The agency last month outlined a high-level strategy for establishing a lunar surface base by 2030, as directed by the Trump administration. The first phase, which spans through 2028, calls for conducting nearly monthly launches of robotic spacecraft to the lunar surface to begin testing early versions of the instrumentation and equipment required for “permanent habitation,” said Carlos Garcia-Galan, NASA’s moon base program manager, in on-stage remarks before the panel.
“What we envision is really hundreds of square miles with different assets that are serving different purposes,” he said, “some of them prospecting the moon, some of them going to areas where there’s permanent shadows.”
For Phase 1, “it’s all about experimentation and reliable access to the surface,” he added.
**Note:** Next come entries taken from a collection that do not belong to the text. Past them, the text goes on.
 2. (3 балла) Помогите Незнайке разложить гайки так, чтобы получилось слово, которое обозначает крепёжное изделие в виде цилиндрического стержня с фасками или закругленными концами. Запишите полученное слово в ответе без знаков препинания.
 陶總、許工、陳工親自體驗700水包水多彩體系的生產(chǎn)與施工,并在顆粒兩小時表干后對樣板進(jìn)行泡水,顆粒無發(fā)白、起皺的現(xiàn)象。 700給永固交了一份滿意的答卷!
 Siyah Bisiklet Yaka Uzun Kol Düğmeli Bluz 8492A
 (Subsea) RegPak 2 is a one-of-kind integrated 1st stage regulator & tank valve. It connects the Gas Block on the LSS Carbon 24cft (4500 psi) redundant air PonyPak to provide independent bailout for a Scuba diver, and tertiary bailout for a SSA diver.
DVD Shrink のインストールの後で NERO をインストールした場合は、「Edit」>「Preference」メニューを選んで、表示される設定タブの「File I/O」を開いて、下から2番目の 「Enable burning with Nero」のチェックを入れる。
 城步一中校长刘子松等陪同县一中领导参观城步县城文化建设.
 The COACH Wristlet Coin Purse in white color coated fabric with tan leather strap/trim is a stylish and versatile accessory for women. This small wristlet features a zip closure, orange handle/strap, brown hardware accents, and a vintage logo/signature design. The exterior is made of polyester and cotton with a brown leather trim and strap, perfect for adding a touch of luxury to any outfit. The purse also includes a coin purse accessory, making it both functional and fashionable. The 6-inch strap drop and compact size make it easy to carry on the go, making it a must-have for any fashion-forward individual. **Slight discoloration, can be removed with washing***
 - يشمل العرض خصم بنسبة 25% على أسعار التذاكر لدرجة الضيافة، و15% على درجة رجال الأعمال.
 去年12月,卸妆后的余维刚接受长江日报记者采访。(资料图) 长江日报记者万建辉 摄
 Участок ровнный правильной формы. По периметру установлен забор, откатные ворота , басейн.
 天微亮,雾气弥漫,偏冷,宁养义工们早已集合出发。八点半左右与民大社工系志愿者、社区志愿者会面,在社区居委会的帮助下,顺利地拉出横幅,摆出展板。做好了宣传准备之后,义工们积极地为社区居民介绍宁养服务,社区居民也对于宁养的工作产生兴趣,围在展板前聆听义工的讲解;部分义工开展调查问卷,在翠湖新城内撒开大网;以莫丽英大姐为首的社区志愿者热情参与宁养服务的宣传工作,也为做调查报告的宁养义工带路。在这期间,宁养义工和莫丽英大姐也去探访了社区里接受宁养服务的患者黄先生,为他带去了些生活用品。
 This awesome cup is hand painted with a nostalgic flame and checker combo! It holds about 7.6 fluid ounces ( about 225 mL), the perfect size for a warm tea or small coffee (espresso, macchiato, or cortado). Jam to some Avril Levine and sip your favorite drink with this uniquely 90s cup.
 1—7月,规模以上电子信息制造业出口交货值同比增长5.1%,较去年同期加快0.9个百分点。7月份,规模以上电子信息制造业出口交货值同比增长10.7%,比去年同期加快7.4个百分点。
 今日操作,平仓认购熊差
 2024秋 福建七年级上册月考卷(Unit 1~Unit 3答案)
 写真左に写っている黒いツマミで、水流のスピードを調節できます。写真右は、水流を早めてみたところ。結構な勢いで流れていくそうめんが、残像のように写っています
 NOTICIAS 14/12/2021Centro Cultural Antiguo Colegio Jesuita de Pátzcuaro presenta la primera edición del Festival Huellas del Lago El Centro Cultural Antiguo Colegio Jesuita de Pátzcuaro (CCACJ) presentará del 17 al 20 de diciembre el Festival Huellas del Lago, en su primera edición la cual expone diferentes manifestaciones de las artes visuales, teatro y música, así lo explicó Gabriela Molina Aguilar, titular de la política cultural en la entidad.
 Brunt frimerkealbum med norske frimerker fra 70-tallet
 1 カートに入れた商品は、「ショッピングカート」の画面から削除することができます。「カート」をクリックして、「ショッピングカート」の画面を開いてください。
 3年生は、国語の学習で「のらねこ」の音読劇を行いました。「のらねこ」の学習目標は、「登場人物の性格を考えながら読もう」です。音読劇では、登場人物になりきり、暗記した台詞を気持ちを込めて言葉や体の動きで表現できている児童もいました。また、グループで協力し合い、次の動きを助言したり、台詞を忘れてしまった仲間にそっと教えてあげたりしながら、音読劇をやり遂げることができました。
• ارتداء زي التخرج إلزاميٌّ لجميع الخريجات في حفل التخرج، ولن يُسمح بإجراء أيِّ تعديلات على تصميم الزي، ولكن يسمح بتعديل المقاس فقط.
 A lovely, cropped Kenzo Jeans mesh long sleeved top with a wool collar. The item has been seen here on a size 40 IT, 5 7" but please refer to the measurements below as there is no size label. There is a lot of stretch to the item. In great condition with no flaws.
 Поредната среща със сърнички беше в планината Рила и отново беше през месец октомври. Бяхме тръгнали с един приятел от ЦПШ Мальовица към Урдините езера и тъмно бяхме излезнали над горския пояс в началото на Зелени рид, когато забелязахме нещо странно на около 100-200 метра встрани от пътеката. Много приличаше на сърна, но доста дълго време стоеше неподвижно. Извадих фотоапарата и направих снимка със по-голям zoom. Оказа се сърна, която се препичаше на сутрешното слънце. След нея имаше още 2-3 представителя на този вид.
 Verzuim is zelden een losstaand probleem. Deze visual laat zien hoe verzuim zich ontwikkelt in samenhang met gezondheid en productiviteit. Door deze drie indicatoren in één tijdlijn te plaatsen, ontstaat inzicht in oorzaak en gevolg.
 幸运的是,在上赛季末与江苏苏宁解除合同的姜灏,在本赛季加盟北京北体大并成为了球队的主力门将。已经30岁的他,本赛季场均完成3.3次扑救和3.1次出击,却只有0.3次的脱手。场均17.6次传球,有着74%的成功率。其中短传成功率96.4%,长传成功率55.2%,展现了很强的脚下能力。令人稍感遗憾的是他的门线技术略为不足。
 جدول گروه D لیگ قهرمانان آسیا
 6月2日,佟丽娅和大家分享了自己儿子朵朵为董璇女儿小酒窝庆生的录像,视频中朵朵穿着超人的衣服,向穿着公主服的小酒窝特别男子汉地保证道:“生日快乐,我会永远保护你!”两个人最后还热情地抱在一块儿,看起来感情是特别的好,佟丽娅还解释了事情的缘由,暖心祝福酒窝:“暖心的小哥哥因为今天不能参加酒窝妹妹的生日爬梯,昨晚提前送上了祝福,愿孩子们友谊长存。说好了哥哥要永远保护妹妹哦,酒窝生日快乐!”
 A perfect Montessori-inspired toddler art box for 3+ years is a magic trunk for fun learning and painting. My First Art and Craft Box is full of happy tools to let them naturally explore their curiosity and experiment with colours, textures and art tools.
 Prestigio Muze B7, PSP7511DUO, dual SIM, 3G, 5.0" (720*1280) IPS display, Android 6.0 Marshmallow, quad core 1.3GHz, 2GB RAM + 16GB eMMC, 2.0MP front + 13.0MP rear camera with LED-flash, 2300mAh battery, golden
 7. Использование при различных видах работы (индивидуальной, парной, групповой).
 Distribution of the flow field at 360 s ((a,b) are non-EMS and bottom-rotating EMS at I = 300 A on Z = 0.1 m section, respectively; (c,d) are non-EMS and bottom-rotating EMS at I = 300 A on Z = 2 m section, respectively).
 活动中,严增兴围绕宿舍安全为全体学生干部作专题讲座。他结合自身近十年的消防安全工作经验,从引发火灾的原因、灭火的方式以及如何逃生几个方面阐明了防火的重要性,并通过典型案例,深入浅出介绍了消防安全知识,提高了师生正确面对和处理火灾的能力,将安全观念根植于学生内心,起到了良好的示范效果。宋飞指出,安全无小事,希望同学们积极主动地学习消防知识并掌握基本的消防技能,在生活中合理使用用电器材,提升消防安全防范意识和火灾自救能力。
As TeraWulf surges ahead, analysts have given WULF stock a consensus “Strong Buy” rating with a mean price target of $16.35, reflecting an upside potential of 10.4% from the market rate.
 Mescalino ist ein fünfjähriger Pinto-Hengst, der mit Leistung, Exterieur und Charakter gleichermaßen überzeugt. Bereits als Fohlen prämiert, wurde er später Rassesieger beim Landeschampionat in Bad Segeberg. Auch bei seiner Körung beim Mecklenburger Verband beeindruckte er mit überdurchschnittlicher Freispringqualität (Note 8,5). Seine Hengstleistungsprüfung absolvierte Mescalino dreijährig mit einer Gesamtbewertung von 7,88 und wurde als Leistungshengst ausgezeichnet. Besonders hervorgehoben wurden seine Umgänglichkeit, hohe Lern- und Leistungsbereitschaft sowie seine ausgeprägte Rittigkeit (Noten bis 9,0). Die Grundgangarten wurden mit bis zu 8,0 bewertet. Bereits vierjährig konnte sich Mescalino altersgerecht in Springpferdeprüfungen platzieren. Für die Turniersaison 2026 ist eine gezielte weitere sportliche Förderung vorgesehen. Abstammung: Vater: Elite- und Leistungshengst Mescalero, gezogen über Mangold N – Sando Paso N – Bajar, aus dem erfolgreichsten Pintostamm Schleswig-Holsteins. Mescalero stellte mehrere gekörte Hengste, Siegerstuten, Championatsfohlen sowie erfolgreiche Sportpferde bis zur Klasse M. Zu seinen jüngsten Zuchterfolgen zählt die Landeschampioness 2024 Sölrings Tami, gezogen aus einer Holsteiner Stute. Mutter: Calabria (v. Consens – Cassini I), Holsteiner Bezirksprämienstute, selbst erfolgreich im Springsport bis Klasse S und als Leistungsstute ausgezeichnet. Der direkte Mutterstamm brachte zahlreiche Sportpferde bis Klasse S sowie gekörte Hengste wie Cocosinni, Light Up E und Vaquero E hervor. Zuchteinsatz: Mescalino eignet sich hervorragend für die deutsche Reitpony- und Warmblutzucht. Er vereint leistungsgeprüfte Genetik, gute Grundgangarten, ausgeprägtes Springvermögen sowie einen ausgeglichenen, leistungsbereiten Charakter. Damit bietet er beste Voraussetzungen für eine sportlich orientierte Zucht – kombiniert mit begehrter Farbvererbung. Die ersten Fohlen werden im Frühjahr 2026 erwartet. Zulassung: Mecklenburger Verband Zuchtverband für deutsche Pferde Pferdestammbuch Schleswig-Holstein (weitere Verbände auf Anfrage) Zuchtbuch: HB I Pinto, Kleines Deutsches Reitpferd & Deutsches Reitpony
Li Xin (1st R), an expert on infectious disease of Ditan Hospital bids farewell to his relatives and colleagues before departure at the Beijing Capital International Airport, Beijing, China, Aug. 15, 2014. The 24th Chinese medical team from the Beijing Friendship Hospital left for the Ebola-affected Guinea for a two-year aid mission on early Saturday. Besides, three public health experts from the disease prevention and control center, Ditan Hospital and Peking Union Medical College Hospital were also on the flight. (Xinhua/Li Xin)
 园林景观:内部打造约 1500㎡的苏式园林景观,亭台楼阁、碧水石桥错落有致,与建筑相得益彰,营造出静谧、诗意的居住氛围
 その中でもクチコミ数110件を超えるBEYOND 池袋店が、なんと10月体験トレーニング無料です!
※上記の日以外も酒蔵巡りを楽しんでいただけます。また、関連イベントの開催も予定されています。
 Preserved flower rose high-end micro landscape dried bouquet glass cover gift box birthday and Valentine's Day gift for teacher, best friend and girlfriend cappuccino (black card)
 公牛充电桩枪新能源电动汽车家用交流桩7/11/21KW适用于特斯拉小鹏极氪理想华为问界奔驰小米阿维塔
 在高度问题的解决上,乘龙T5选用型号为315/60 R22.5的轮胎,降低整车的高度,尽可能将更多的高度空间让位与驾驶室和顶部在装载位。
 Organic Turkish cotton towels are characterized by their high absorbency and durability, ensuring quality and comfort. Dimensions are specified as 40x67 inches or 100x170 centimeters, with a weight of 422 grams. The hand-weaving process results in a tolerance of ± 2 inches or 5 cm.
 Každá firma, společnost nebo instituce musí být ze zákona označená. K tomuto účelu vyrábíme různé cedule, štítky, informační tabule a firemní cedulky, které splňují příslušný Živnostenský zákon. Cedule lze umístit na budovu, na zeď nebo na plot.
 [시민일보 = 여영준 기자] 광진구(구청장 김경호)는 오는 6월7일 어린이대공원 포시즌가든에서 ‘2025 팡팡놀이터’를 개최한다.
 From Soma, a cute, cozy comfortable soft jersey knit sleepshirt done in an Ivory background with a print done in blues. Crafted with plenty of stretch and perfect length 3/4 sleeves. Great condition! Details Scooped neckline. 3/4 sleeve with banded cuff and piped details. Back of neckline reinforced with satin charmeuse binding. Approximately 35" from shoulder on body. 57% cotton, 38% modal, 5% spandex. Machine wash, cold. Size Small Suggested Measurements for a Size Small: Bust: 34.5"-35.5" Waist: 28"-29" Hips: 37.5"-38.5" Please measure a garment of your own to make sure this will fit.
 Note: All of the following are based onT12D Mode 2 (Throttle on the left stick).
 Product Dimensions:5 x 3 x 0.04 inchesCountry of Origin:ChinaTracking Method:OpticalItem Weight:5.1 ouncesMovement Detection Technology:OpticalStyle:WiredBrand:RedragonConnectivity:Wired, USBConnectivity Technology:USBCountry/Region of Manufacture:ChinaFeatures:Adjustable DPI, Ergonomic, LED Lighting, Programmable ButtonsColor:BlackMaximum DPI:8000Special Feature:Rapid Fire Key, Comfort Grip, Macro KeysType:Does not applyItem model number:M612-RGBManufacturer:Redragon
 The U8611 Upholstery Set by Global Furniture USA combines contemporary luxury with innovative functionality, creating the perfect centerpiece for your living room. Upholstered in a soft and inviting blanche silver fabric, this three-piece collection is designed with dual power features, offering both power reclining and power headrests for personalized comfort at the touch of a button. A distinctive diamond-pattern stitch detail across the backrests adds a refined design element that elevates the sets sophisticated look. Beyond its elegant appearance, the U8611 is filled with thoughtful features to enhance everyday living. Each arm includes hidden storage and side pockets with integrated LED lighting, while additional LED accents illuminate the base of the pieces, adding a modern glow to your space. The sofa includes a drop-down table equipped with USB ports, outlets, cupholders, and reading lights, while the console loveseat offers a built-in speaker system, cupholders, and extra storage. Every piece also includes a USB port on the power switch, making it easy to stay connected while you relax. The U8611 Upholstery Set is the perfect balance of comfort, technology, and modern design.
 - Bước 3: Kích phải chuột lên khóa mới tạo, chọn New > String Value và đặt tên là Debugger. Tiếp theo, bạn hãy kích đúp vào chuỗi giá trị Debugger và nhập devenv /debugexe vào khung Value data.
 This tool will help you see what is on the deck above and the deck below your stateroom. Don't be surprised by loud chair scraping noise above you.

For the transportation piece, “we need to at least be able to transport things to the moon and people to the moon as regularly and reliably and affordably as we do for space station today,” said Nick Cummings, SpaceX’s senior director of program development.
Think of it like air travel, said Jacqueline Cortese, Blue Origin’s vice president of civil space. “You don’t need a massive jumbo jet” for every flight and destination. “It’s really a need for all classes of access and return.”
Persistent surface operations will also require constellations around the moon to provide uninterrupted communications, said Tim Crain, chief technology officer of Intuitive Machines, which is planning to launch its first lunar relay satellite later this year.
“We’ll always want more time. There will always be more things to do,” he said. A dedicated lunar constellation “really enables you to utilize that time effectively.”
Then there’s surface power. Cortese noted that although “there’s a lot of camps” advocating for various methods — nuclear, solar and fuel cells, just to name a few — there’s no reason the moon base can’t utilize all of them.
Crain agreed, noting that on Earth, “we didn’t come up with gas-powered turbines and everything else went away.”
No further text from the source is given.